A major oil and gas company works in a volatile market, where IoT data floods in at the rate of gigabytes per second – and where up-to-date financial projections, generated by a .NET application, serve as a major competitive advantage. After considering MongoDB and Oracle Exadata, they replaced two NoSQL databases at the core of their analytics architecture – MapR and ElasticSearch – with SingleStore. After a fast implementation, they now run financial forecasts multiple times a day, with much greater performance, with many fewer servers, and at much lower cost than with competitors. The company now also uses SingleStore for a wide range of financial forecasting applications, land contracts analysis, ERP reporting, and more.

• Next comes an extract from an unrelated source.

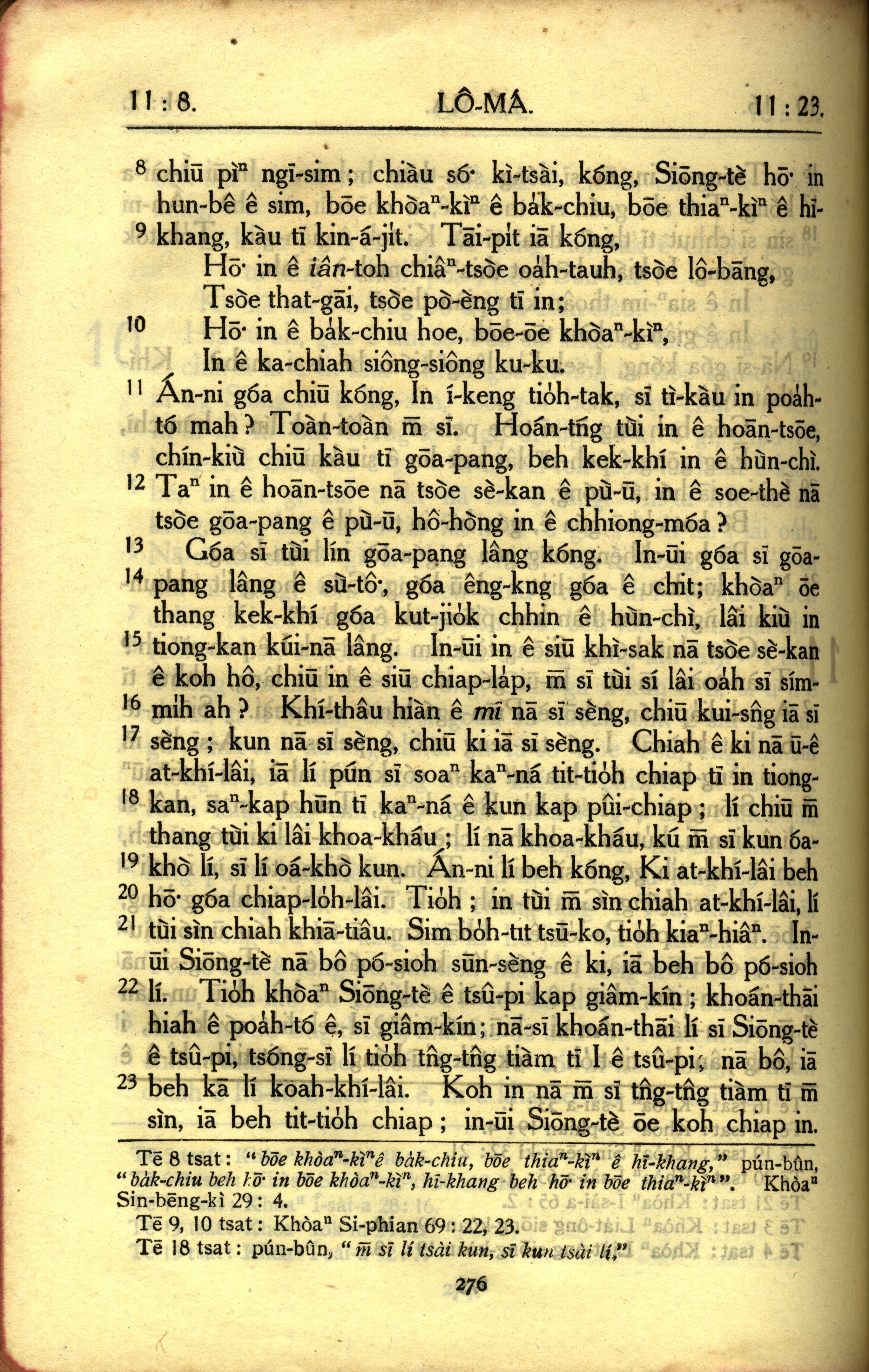 1950年教羅新約全書 羅馬書 11 章 8 節到 11 章 23 節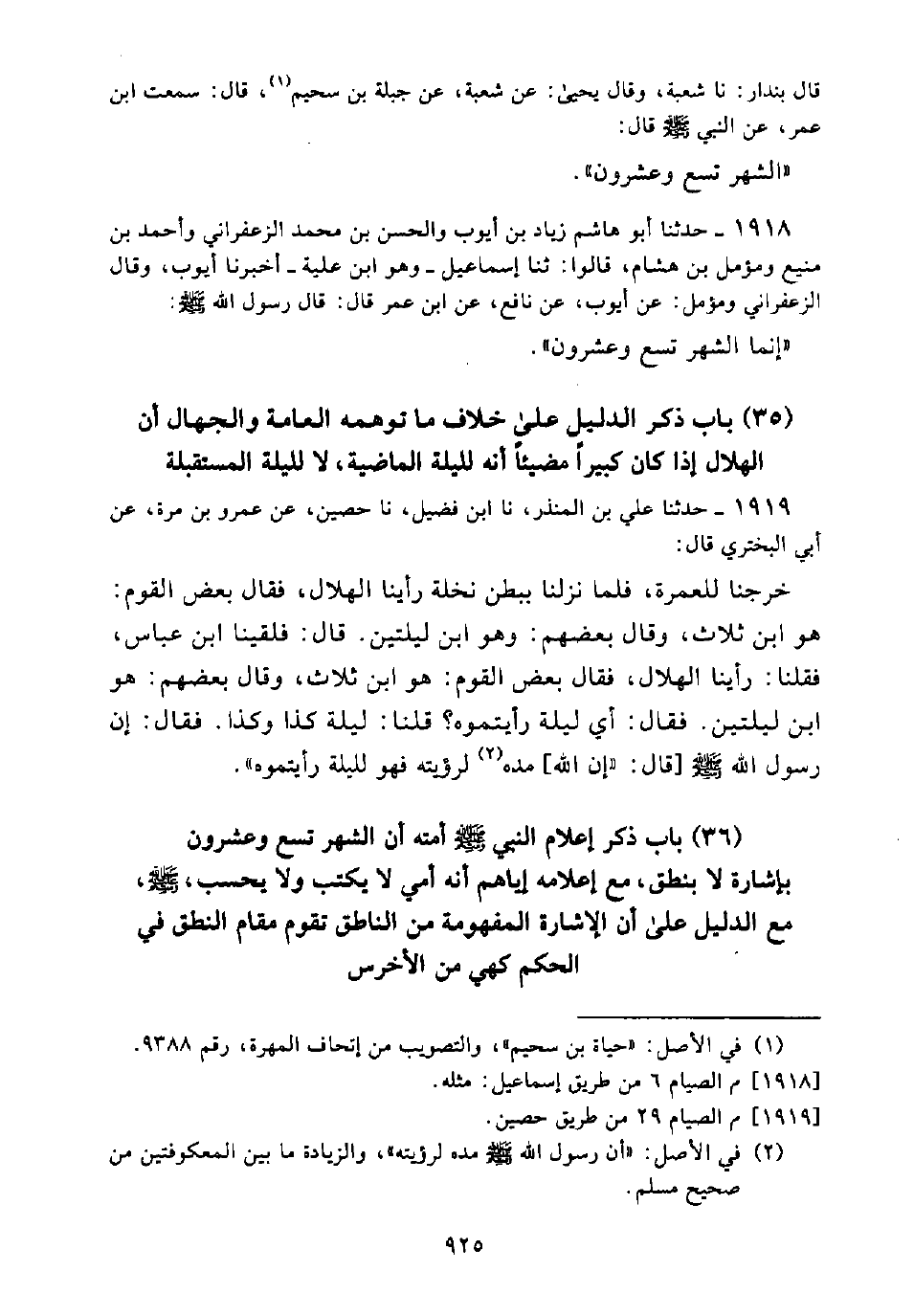 (36) بَاب ذِكْر إِعْلَامِ النَبِيّ - صَلَّى اللَّه عَلَيْهِ وَسَلَّمَ - أُمَّتَهُ أَنَّ الشَّهْرَ تِسْعٌ وَعِشْرُونَ بِإِشَارَةٍ لَا بِنُطْقٍ، مَعَ إِعْلَامِهِ إِيَّاهُمْ أَنَّهُ أُمِّيٌ لَا يَكْتُبُ وَلَا يَحْسِبُ، صَلَّى اللَّه عَلَيْهِ وَسَلَّمَ، مَعَ الدَّلِيلِ عَلَى أَنَّ الْإِشَارَةَ الْمَفْهُومَةَ مِنَ النَّاطِقِ تَقُومُ مَقَامَ النُّطْقِ فِي الْحُكْمِ كَهِيَ مِنَ الْأَخْرَسِ

Finding, extracting, and delivering oil and gas is one of the most challenging businesses in the world. And it is also, in normal times, one of the most lucrative businesses in the world. But the recent crash in the price of oil, along with a collapse in demand caused by the coronavirus epidemic, have exerted unprecedented pressures on this industry.
But oil and gas has always been a tough business. One of the biggest challenges, and opportunities, is financial. Well-run companies use mountains of data to help them manage their reserves of available capital. With good access to capital, when things look good, these companies invest in turning on existing supply, and exploring for new reserves. When times are tough, they reduce production and hold tight until the next opportunity.
Players which are poorly run, or which are too small to compete effectively, tend to miss out on some of the peaks and get caught short in the valleys, driving them to sell out, or go out of business. The assets of the weaker company are then purchased by one of their better-run competitors, which thereby grows larger, and – to the extent that the company is run well – more resilient.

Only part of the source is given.